Your blog is easily one of my favourite. I wish there were more informational blogs like this.

underbelly
4 years ago
Reply to  Rozin

Thank you! We’re trying to be the best resource on our narrow range of topics.

Francisco Borges
4 years ago

What weight ratio for an acid fruit sorbet? Like pineapple?

Christian
4 years ago

I would say about 70 to 75 percent Pinapple, that the Sorbet has as intensive as possible flavor !
Pinapple is not so sour as Lemon – for Lemon I would recoment about thirty percent jiuce, perhaps up to 35
percent.

For the Pinapple Sorbet it would be interesting if it is more adviceable to use fruit- puree, fruit-juice or a combination of both to get the best texture.

Noah
4 years ago

Whatever the sorbet recipe is, I’d appreciate if you gave ways to keep it soft in a traditional freezer!

underbelly
4 years ago
Reply to  Noah

Our goal with the sorbet recipes is the same as with ice cream: perfect texture for scooping at -12°C to -14°C. Most freezers are going to be colder than this, so you’ll need to warm up the sorbet a bit. But it won’t be hard as concrete unless your freezer is very cold.

Barbara
4 years ago

So would you please share more information about this new stabilizer blend that hydrates without any heat?

underbelly
4 years ago
Reply to  Barbara

Hi Barbara, sorry for the late reply. This new stabilizer blend is a GREAT formula. It’s the best I’ve used or experienced in a sorbet. It was that rare case of working something out on paper based on theoretical information, and having it manifest exactly as planned (neither ice cream nor reality tend to cooperate in this fashion).

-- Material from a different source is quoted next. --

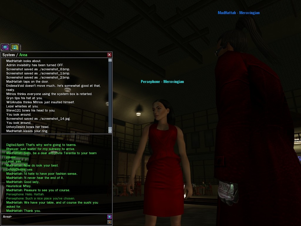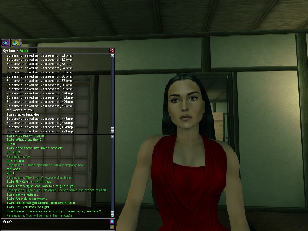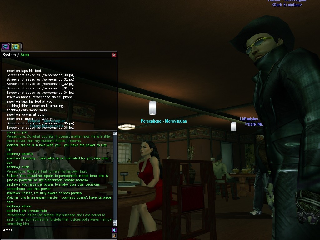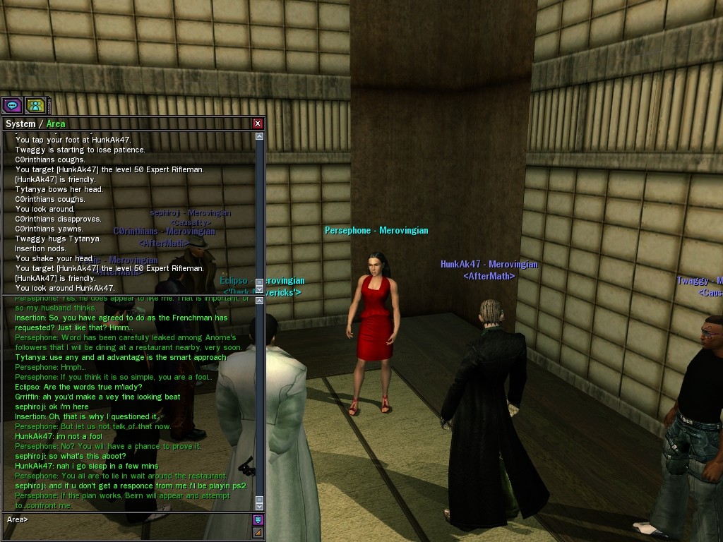 "I’m sure by now your questioning my motives and why I am working for the great Merovingian organization. Well that is unclear you see, a girl must keep some secrets. My current involvement is to make whatever Persephone wishes to be done, is done. You want to make deals; I am willing to hear you out.

Sodium Carboxymethylcellulose is probably the most effective stabilizer for suppressing ice crystals. It accomplishes this with minimal affect on texture. Guar adds body (as well as ice crystal suppression), and carrageenan adds a nice custardy creaminess to the melted texture. As with all hydrocolloids, these ingredients strengthen each other, so the combination allows you to use a lower total quantity of stabilizers. And all these ingredients hydrate cold.

I don’t know why there aren’t commercial blends doing something similar.

Inulin is the final ingredient; it works a bit like a fat, a bit like a sugar, and a bit like a stabilizer. It’s used by industry in low-fat ice creams, and by gelato chefs all over Italy. No idea why it isn’t the darling of the sorbet world. If for any reason you don’t want the level of creaminess of our formulas, just use less of it. You don’t have to compensate in any other way.

JT
3 years ago

What resources do you recommend for determining the different properties of fruit like sugar and water content, pectin, etc.? I am trying to make ice creams with precise properties but am having a hard time getting accurate information on the web or in literature. And I noticed in the consulting section on your website that you have compiled a lot of this information in your spreadsheets.

underbelly
3 years ago
Reply to  JT

I mostly use the USDA’s Nutritionist V Database: https://fdc.nal.usda.gov

For pectin content, there’s plenty of information online directed at people who do canning. It’s usually not more precise that high/medium/low pectin, but this is useful.

JT
3 years ago
Reply to  underbelly

Thanks for pointing me to the Nutritionist V Database. But if I want to determine the POD of, say apricots, wouldn’t I need to know more about the sugars that an apricot contains? The database only refers to sugars in general.